> _Directions for this task_
Your task is to transcribe the data exactly while omitting each picture.

Data Block Start

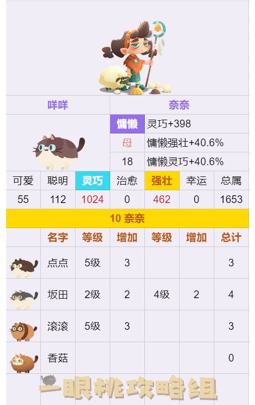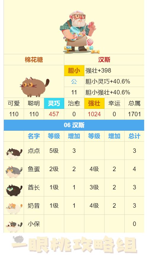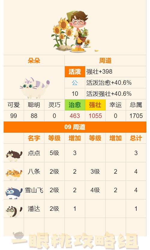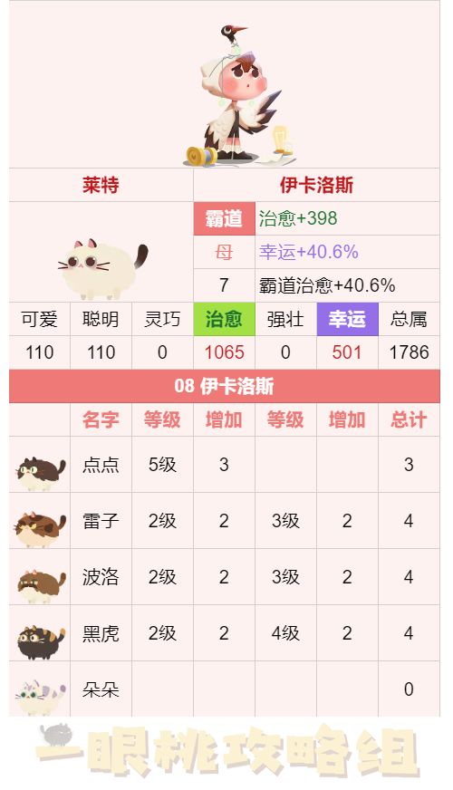 【撸猫指南】房客好感猫咪加成表(截止第三章)
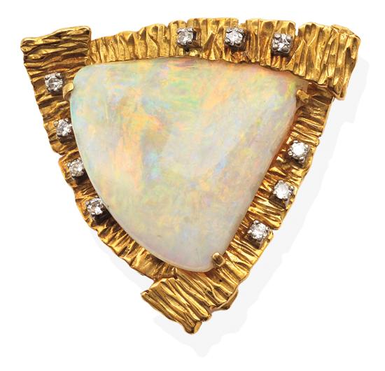 An opal and diamond brooch
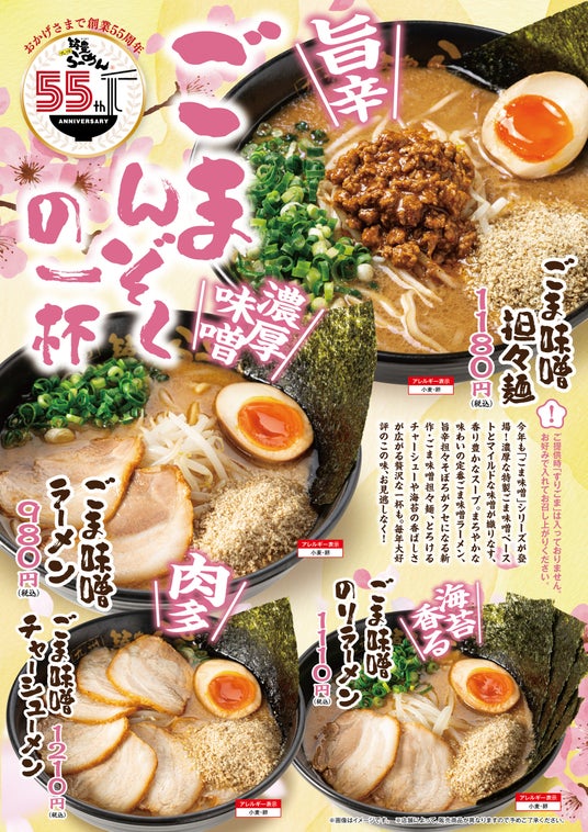 「九州筑豊ラーメン」ブランドのチェーン展開や食材の卸売りをおこなうワイエスフード株式会社(本社:福岡県田川郡香春町鏡山/代表取締役社長 小川 光久 以下、当社)は、1970年創業の「九州筑豊ラーメン」の創業55周年を記念した新メニュー企画第一弾として、期間限定商品として大好評だった「ごま味噌ラーメン」シリーズを、 春季限定商品として販売します。
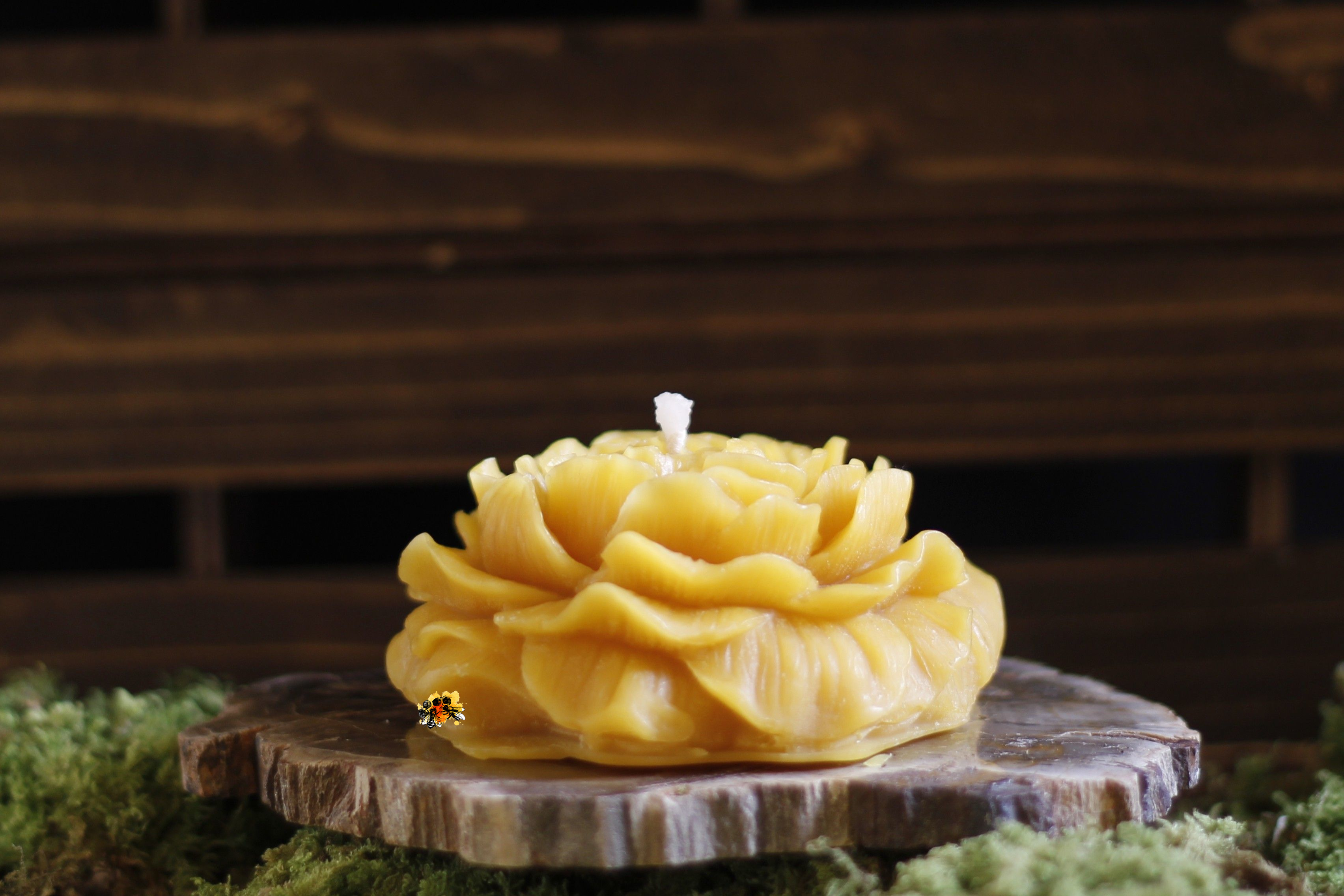 Produktinformationen "Blüte "Pfingstrose" Bienenwachskerze"
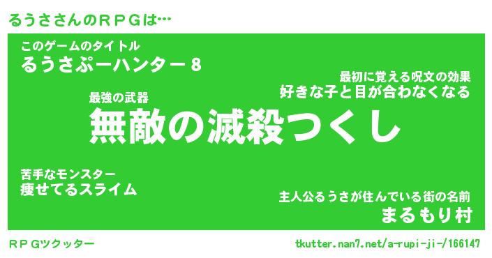 | ファンタジー風あだ名 | 『ルウフェル』『エターナルルウサー』 |
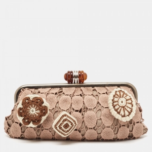 Marni Dusty Pink Crochet Embellished Frame Clutch

Data Block End

> _Response_
 【撸猫指南】房客好感猫咪加成表(截止第三章)
 An opal and diamond brooch
 「九州筑豊ラーメン」ブランドのチェーン展開や食材の卸売りをおこなうワイエスフード株式会社(本社:福岡県田川郡香春町鏡山/代表取締役社長 小川 光久 以下、当社)は、1970年創業の「九州筑豊ラーメン」の創業55周年を記念した新メニュー企画第一弾として、期間限定商品として大好評だった「ごま味噌ラーメン」シリーズを、 春季限定商品として販売します。
 Produktinformationen "Blüte "Pfingstrose" Bienenwachskerze"
 | ファンタジー風あだ名 | 『ルウフェル』『エターナルルウサー』 |
 Marni Dusty Pink Crochet Embellished Frame Clutch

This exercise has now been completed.